We have got accustomed to mix together the terrorist regime of Saddam Hussein, a socialist and outstanding democrat, and a similar looking regime of Muammar Kaddafi in Libya, on the one hand, and the traditional Islamic counties living by laws of the shariat, on the other hand: Saudi Arabia, Bahrein, Kuwait and Iran. However, in spite of following the shariat, these countries differ from each other both with traditions and with legislation. What makes these countries nearer to each other and further from the Western countries, is communal, collective consciousness. In these countries an individual is protected in a peculiar way: by family, tribe, religion. Once I happened to talk with an Arab student, who spent several years in Europe and then studied in Kharkov pharmaceutical institute. In Europe she was horrified by the fact that offsprings live separately of their parents, do not help each other and meet mainly on holidays. She was astonished with the solitude of unmarried women, who, in Islamic countries, continue to live within families of, firstly, their parents, and then of their brothers, who have the duty to look after them. Surely, she was struck by a small number of children both in Europe and in our country, and she was overwhelmed with our attitude to mothers with many children. And she was surprised with our disorderly life: by this she meant the absence of the daily rules of traditional behavior equally in Europe and in Ukraine. It goes without saying that the girl was from a wealthy family, where all the children, except the youngest, studied abroad and intended to become professional in their home country. However, in Europe she felt herself lonely and unprotected. It should be noted that she felt herself safer in the USSR of the beginning of the 80s, since the family relations in the USSR were closer and more habitual for her. Yet, it certainly could not be compared with that way of life, to which she got accustomed in Algeria. I have dwelt on this accidental acquaintance on purpose, since I want to point out that most citizens of Moslem countries, especially of those, where regimes were steady, feel themselves prosperous and safe, and they are ready to defend the values of the countries, where they live.
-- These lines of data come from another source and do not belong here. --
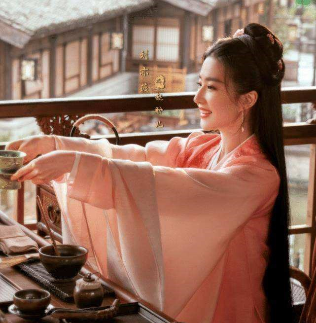 在剧中前期,赵盼儿(刘亦菲 饰)是钱塘茶铺的卖茶人,为了体现出市井感,服装的面料以棉麻为主,清淡朴素,恰好和刘亦菲清丽脱俗的气质完美契合,在配上江南水乡的环境,有种浑然天成的美。而后期赵盼儿经营半遮面茶馆时,作为一个老板娘,服饰则以上下裙款式为主,纤细的皓腕轻转罗扇,脉脉含情的双眸随着流转,尽显婉约柔美之态。
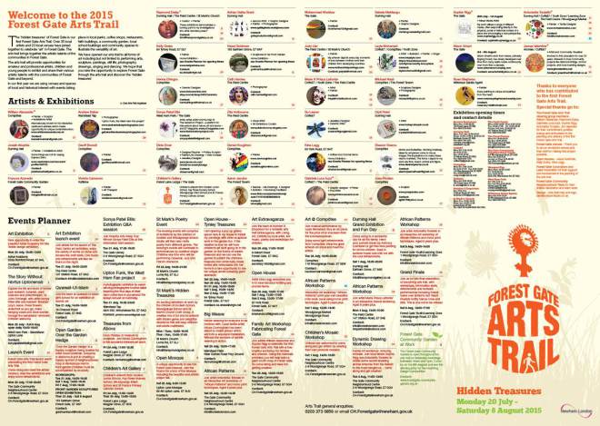 I’ve had really great time being involved in the Forest Gate Arts Trail Steering Committee with Cllr Dianne Walls, William Alexander, Raymond Daley, Gabriella Luca Lozzi, Sophie Rigg, Antonietta Torsiello and Jim Valentine. We’ve come a long way and I can’t believe the FGAT is only 4 days away!
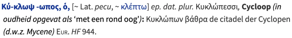 Het tweede gedeelte, ὤψ (ōps), betekent ‘oog’ en is ook verwant aan ons woord oog. De cycloop is dus letterlijk de rondogige.

Now let us recall quite another time and quite another country: the Russian Empire, members of the ‘Narodnaya Volya and individual terror. The assassination of Alexander II, a czar, who wanted to reform the country and to introduce the constitution. Then the persecutions of liberals. Obviously senseless and heroic deeds of terrorists caused by not less senseless and criminal unwillingness of the czar to understand the problems of the country, which he ruled. As a consequence, the apocryphal Lenins statement ‘We shall follow another way, and this notorious way, which our fathers and we followed. The disability to listen to each other never leads to solving any problems. I am not a supporter of individual terror, I am rather supporter of Alexander II. Terror is the meanest and the most horrible phenomena in the world.
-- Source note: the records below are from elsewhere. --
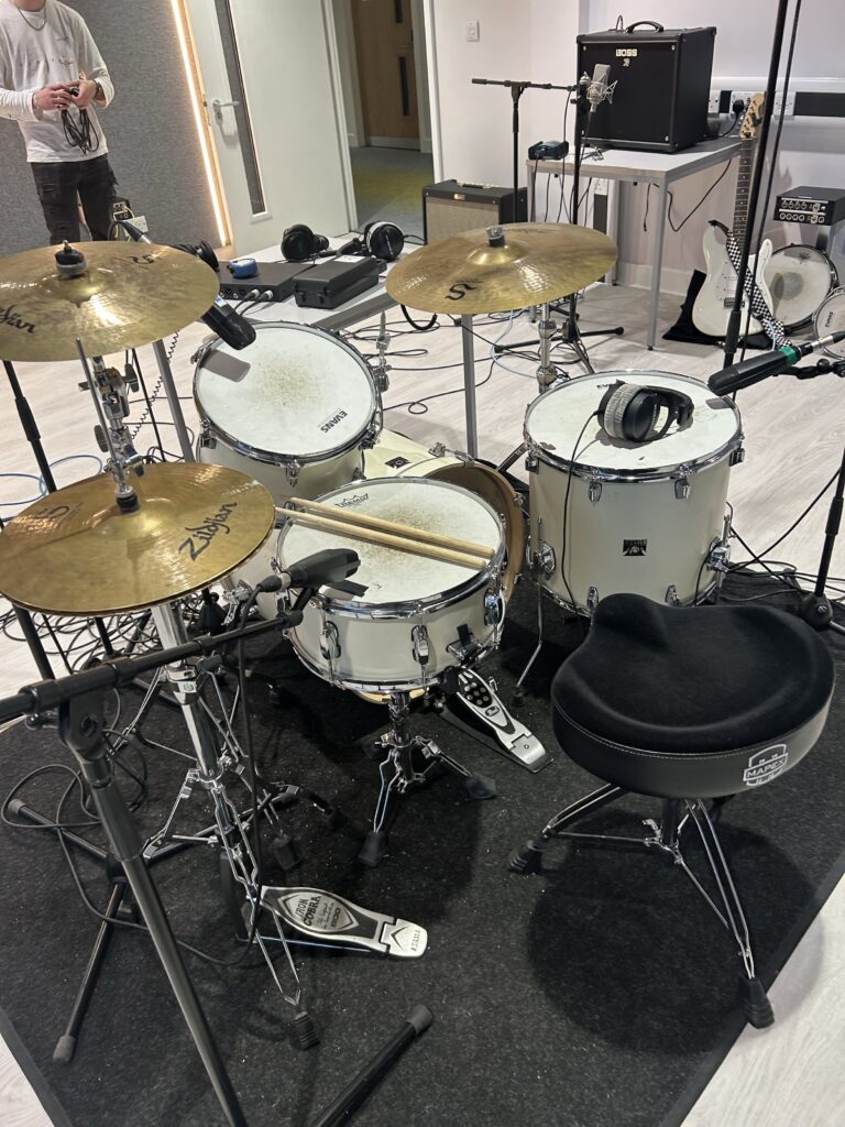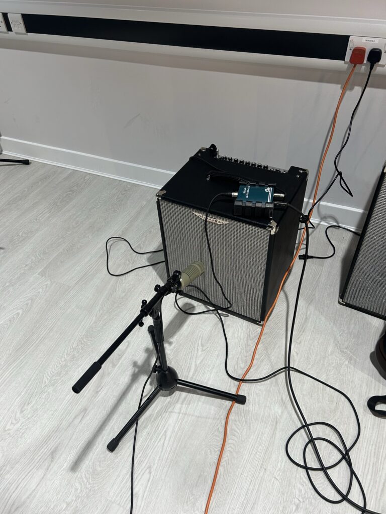 I used a microphone on every drum on the drum kit, as I wanted a clear sound for everything. I chose the D112 as it is a well known and high quality bass drum mic. It can handle up to 160db which makes the bass drum not distorted, and it’s frequency range means the sub bass, at 100hz or below is captured really well, and it is boosted at 4k hz so it helps the kick cut through the mix.(AKG,2015) I used two snare drum mics, one in the usual position on top of it, and one underneath. The underneath one ended up sounding really bad and will not be used in the final product. I chose to use the SM57 as it is a very commonly used mic, not only for drums but on many other instruments, as it reduces background noise and instrument spill better than other mics.(Shure,2023) I chose the MD421 microphone for the toms as it is a popular mic that makes the toms sound good. The hi hat can be recorded separately, but I thought just having overheads would be enough. However as this song is mainly played on the hi hat, having a separate mic for it would’ve been a good idea. I used the at4041 as it is ideal for cymbals due to it’s 80hz cut off and a boost in the high frequencies.(audio technica,2025)
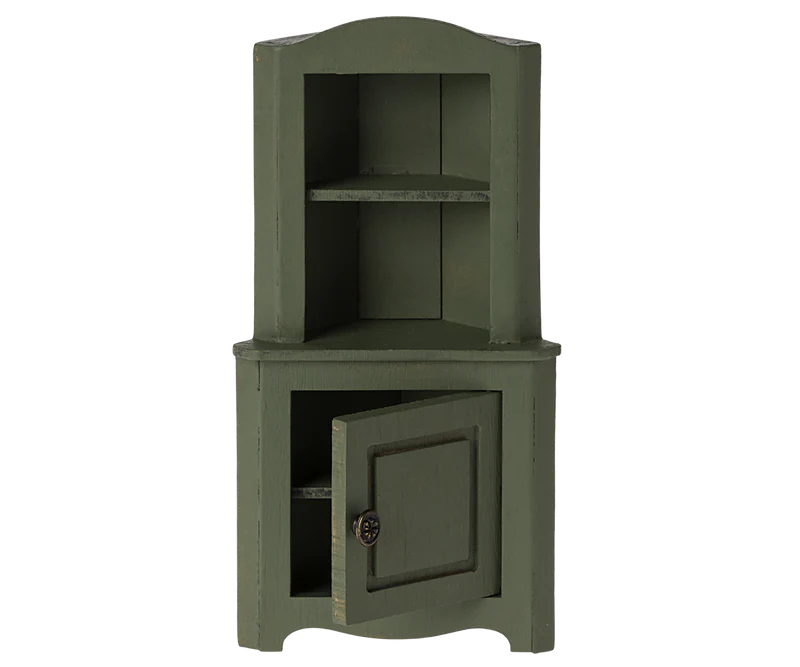 The perfect closet to store a lot of stuff. It fits perfectly into a corner so it will look stylish in the home decoration. It has a vintage finish - variation in the paint may occur. This closet fits perfectly into the mouse hole farm house.
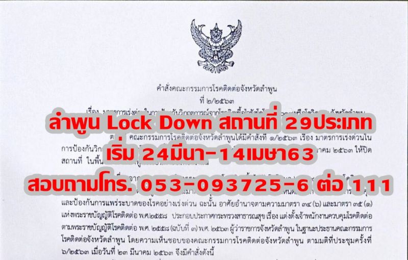 | • ลำพูน Lock Down สถานที่ 29ประเภท เริ่ม 24มีนา-14เมษา63 สอบถามโทร.053-093725-6 ต่อ 111 |
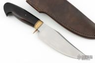 This Bowie by ABS Apprentice Tony Mont features a hand rub satin finished blade with a nearly sharpened top edge, .159" blade stock and 1.900" blade depth, hidden tang construction. The handle has a brass guard with an African Blackwood grip and a brass pin. Comes with a brown leather sheath. Excellent condition.
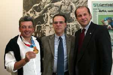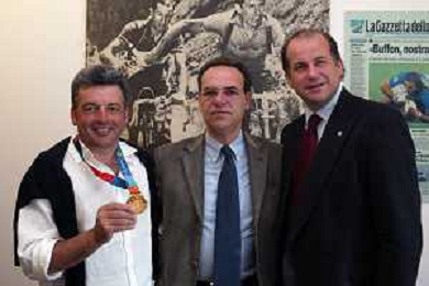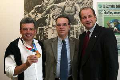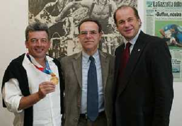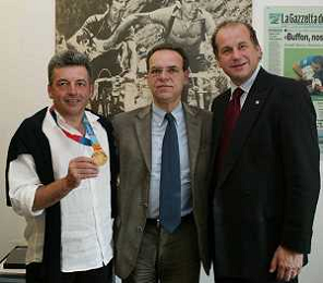 Milano 2 Maggio 2005 forum in redazione della gazzetta dello sport con Luciano Rossi presidente federazione tiro a volo e Andrea Benelli medaglia d'oro olimpiaca Atene 2004 foto Andry / Ag. Aldo Liverani
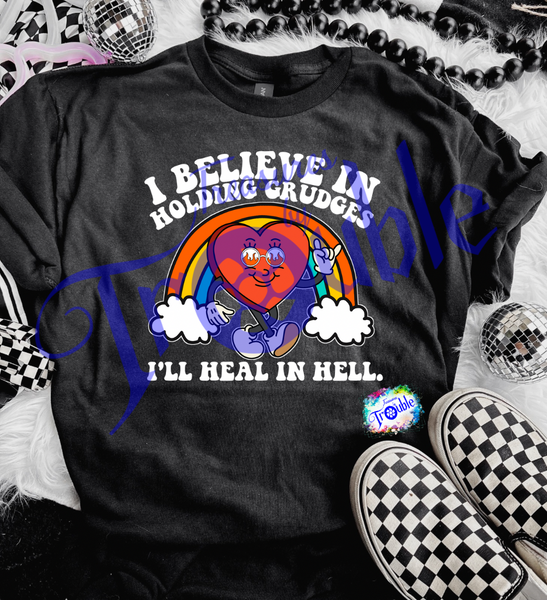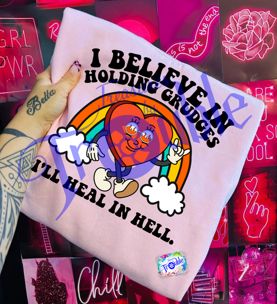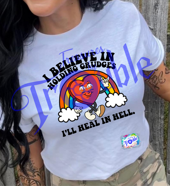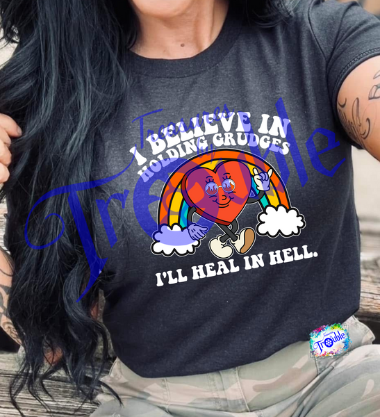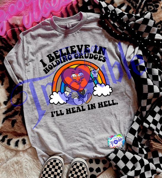 Unleash your rebellious side with our "I Believe in Holding Grudges" Cotton Short Sleeve Tee. Made from soft, breathable Gildan cotton, this unisex shirt keeps you comfy while making a statement. Show off your bold and fun attitude with the vibrant, high-quality DTF image.

Dropping bombs and launching rockets will never replace the intelligible dialog between civilizations. In my opinion, the UNO, as it functions now, cannot fulfil the tasks, for which it was created. A dialog between different cultures must be carried out in the UNO framework. As to the application of force, it can be of use only if most peaceful citizens of different cultures understand that the force is applied justly.